| HN Mirror

Y	Hacker News new \| ask \| show \| jobs


	by zozbot234 54 days ago
	Qwen 27B maxes out at a 16GB context. A nice thing about DeepSeek V4, especially Flash, is that its context size stays tiny even at 1M tokens! Which in turn opens up wide batching on common consumer platforms.

1 comments

lostmsu 54 days ago

DeepSeek V4 Flash is 160GB while Qwen 27B is about 27GB. You can't even run DS Flash on consumer platforms, let alone batch it.

link

zozbot234 53 days ago

These are the sizes of model weights, not the KV cache. The former are a sparse (for MoE models) read workload that can be streamed from SSD.

link

lostmsu 53 days ago

You can't batch MoE

link

zozbot234 53 days ago

You need wider batches to get effective reuse of experts in any given layer, but you absolutely can.

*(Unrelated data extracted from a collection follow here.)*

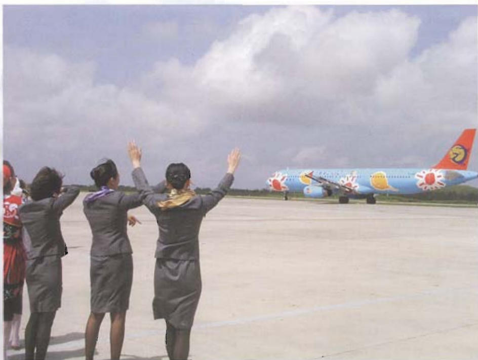
◀ 復興航空員工列隊歡送澎湖國際首航班機。

馬公機場已具備國際線的雛型，加上澎湖天然條件優越，開拓國際航線僅剩下宣導與加強軟硬體設施兩方面的努力，躍升國際舞台絕對不能像以往土法煉鋼，必須印製多國文字的宣導品，並派出親善大使前往世界各國宣導，甚至配合行政院觀光客倍增計畫，優惠票價提供國外遊客抵澎，進而愛上澎湖這塊美麗島嶼，至於軟硬體設施，則應加強澎湖民衆英語能力，能與國際溝通橋樑接軌，最主要不要存有坑殺遊客的心理，才能永續經營澎湖國際觀光事業，至於現行水電、住宿等基礎設施，則有待加強，如何吸引國外投資五星級飯店進駐、增建大型購物市場及室內遊樂場，都是未來政商各界必須努力的課題，才能使澎湖真正達到國際島嶼、海上明珠的境界。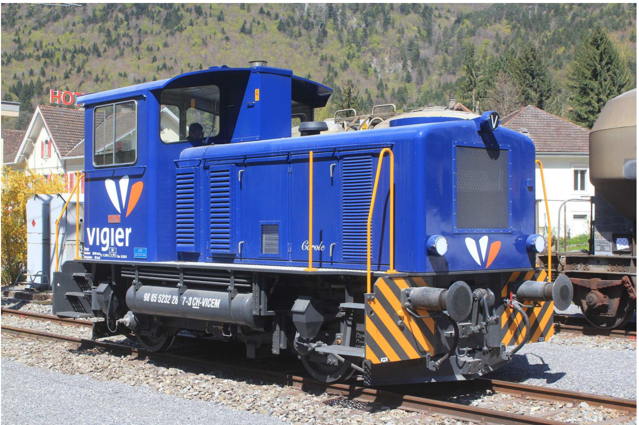
VIGIER Tm 232 287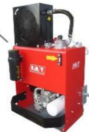
SERBATOIO 80 LT.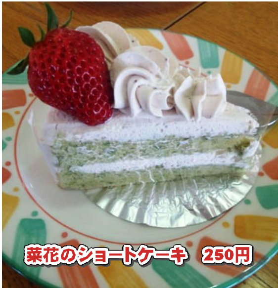
菜花のショートケーキ 250円

DeepSeek V4 has tiny KV caches that make this quite feasible. When targeting consumer platforms that only have a limited amount of compute headroom to begin with, the approach is quite reasonable.

link

lostmsu 53 days ago

Sounds like you're talking out of your butt instead of doing the math.

link

zozbot234 53 days ago

What do you mean by doing the math? If you repeatedly sample n_active experts out of n_total, why wouldn't you expect to get some meaningful probability of reuse/overlap once your batch grows past size 5 or so (for the sparsest MoE models in common use)? And you only need enough reuse to fill the compute headroom which is quite small on consumer platforms (we won't have huge TOPS numbers for the typical integrated GPU in Strix Halo or even the upcoming RTX Spark). Plus if you're a single user running multiple streams in parallel the choice of experts will be highly biased leading to more reuse.

link